Сначала Иван Иннокентиевич рассказывал разные истории про купцов, про разных начальников, про богатых мужиков, а потом стал изображать проповедь новоселовского батюшки отца Никодима, в которой тот старался укрепить свою духовную паству в истинной вере. С особым подъемом Иван Иннокентиевич разыграл конец проповеди отца Никодима:
— От этих хорошо известных нам из Священного писания примеров всемогущества божия обратимся, братие, к нашей повседневной жизни… Не буду перечислять вам многочисленные примеры помощи божией верующим, известные мне как духовному пастырю своего прихода, расскажу вам о чудесном исцелении себя самого от тяжелого недуга…
Тут Иван Иннокентиевич сделал великопостное лицо и елейным голосом продолжал:
— …В самом начале великого поста случился со мной нынче страшный запор… Не гонит день, не гонит два, не гонит целую неделю. И так мучаюсь весь великой пост… Обращался я со своим недугом к врачам земным. И здесь, в Новоселовой, в Балахту ездил. Принимал по их совету разные лекарствия. Ничего не помогло. Когда же я обратился со смиренной молитвой к врачу небесному…
Тут Иван Иннокентиевич сделал длинную паузу, а потом под оглушительный смех своих слушателей эффектно закончил:
— В четверг на страстной неделе перед самой заутренней меня пронесло…
За проповедью отца Никодима последовала новая история о другом священнослужителе, который всю ночь играл в карты и мысленно все время просил бога о выигрыше. И все-таки продулся в пух и прах. Конечно, батюшка был расстроен большим проигрышем и очень обижен на господа бога за этот проигрыш. Перед самым рассветом является к нему сторож из церкви узнать, надо ли сегодня звонить к заутрене. И тут батюшка не сдержался и сердито закричал: «Ни бом-ти-ли-ли! Ни за веревочку!
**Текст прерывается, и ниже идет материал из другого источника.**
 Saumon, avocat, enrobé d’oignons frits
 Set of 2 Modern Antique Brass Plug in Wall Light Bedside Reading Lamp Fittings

Как он для нас, так и мы для него!»
Дальше Иван Иннокентиевич стал рассказывать нам историю про молодого попа, который остановился в одной деревне на земской квартире. А ночью на земскую квартиру заехал проезжий ухарь-купец, и хитрый хозяин отвел его спать в ту же горницу и положил в одну кровать с длинноволосым попом. Дальше мы ждали подробностей о том, как ночью купец принял длинноволосого батюшку за молодую женщину и что там у них из этого могло получиться. Но в самом интересном месте Иван Иннокентиевич вспомнил, что ему давным-давно надо быть дома по неотложному делу, и так расстроился, что не стал досказывать нам свою историю. Тут он сразу выпроводил из своей комнаты всех своих помощников и ямщиков, а меня почему-то попросил на минуту остаться. Потом обратился к старшине:
— Что будем, старшина, делать? Павел Михайлович из волости ушел. Писарить поехал в Черную Кому. Фомич занят на податных делах, статистике и военном учете, Иван Осипович выдает паспорта и ведет текущую переписку. А волостной суд вот уж две недели без писаря. Кого будем сажать на волостной суд?
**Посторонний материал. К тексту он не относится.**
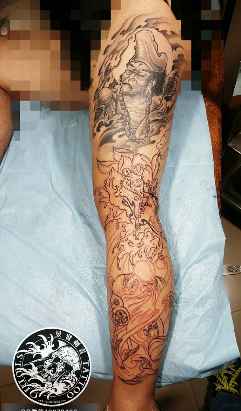 • T网红王老大花腿龙纹身图片_腿部新传统纹身图案
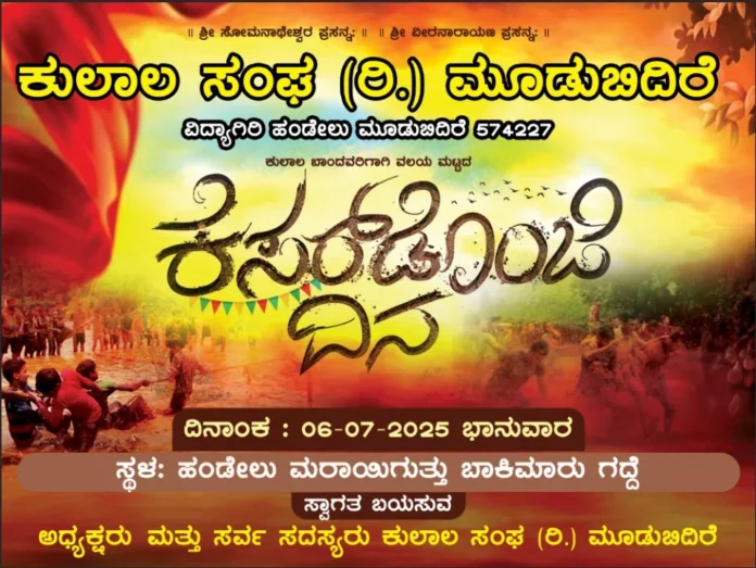 Uncategorizedಮೂಡುಬಿದಿರೆ ಕುಲಾಲ ಸಂಘದ ವತಿಯಿಂದ ಜು. 6ರಂದು ಕೆಸರ್ಡೊಂಜಿ ದಿನBy TNVOffice - July 4, 20250309FacebookTwitterPinterestWhatsApp ಡುಬಿದಿರೆ: ಕುಲಾಲ ಸಂಘ (ರಿ.) ಮೂಡುಬಿದಿರೆ ವತಿಯಿಂದ ಕುಲಾಲ ಬಾಂಧವರಿಗಾಗಿ ವಲಯ ಮಟ್ಟದ ಕೆಸರ್ಡೊಂಜಿ ದಿನ ಕ್ರೀಡಾಕೂಟವು ಜು. 6ರಂದು ಮೂಡುಬಿದಿರೆಯ ಹಂಡೇಲು ಮರಾಯಿಗುತ್ತು ಬಾಕಿಮಾರು ಗದ್ದೆಯಲ್ಲಿ ನಡೆಯಲಿದೆ ಎಂದು ಆಯೋಜಕರು ತಿಳಿಸಿದ್ದಾರೆ.
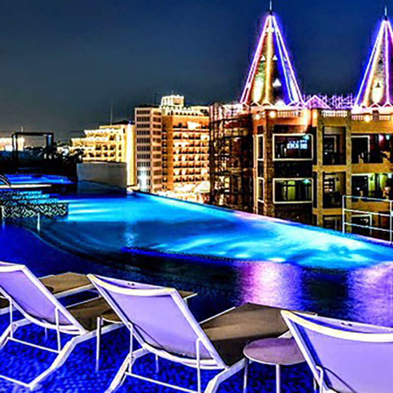 充実したホテルサービスで、快適な滞在をお届けします。海と夕陽を望むインフィニティプールをはじめ、展望ジャグジーや子供用プール、天然温泉の岩風呂を備えた本格設備。夕暮れ時には素晴らしいサンセットをご覧いただけます。アールデコ調と沖縄モダンが融合したメイン棟、全客室温泉が楽しめるプレミア棟の2構成。

— Почем я знаю? — ответил старшина. — Кого надо, того и сажай.
— Я думаю Иннокентия на это дело поставить. Справится парень. Ты не возражаешь?
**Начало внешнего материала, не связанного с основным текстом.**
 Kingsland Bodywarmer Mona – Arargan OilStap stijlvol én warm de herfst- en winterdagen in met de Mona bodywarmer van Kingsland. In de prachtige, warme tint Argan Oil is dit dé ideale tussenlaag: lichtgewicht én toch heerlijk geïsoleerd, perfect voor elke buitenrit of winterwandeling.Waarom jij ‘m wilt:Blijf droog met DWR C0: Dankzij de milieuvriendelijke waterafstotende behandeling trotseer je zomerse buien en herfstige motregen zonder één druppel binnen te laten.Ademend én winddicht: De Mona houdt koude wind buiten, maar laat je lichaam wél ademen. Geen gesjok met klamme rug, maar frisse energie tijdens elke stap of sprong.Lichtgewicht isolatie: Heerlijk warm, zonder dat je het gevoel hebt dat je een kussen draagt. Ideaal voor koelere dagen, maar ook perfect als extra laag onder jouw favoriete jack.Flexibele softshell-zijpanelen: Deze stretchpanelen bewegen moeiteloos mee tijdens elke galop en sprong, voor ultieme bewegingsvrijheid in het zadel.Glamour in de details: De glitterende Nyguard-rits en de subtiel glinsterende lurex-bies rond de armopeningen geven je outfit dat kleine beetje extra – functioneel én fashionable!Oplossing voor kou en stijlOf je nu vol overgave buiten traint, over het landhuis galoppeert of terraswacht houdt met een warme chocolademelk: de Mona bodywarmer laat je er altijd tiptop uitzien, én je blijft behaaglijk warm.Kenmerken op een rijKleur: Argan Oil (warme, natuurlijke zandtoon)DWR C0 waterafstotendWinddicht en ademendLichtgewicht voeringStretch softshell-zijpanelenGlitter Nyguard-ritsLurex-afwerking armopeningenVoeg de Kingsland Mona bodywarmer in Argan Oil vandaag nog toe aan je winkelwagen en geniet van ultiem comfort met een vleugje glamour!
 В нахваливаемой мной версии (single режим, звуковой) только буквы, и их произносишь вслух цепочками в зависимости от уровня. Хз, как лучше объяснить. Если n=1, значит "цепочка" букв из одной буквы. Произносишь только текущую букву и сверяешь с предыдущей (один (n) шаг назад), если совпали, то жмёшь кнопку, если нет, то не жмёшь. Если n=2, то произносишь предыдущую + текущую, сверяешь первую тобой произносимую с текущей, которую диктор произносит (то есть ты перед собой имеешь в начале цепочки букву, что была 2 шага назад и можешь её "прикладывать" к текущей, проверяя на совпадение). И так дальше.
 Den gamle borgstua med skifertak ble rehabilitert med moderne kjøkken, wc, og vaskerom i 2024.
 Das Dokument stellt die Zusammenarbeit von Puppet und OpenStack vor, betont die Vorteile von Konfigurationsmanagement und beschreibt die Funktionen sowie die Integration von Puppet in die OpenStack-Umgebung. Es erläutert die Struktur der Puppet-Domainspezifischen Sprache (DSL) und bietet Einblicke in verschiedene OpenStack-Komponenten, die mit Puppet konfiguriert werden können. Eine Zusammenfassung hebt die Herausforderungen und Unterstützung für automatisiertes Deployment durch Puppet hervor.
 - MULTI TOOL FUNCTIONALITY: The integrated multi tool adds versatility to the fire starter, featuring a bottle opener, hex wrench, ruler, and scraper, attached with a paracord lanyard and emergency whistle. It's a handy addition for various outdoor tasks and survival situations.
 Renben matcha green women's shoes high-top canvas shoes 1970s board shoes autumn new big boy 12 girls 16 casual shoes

— Акентия так Акентия. Мне все одно.
— Что значит «все одно»? Ты старшина. Ты — хозяин волости. Ты за все в ответе…
Когда Иван Иннокентиевич говорил старшине, что он хозяин волости и за все в ответе, то старшина всегда сильно пугался. На этот раз он тоже испугался и плаксиво заговорил:
— Так я что? Разве я против? Сажай, раз надо. Тебе виднее.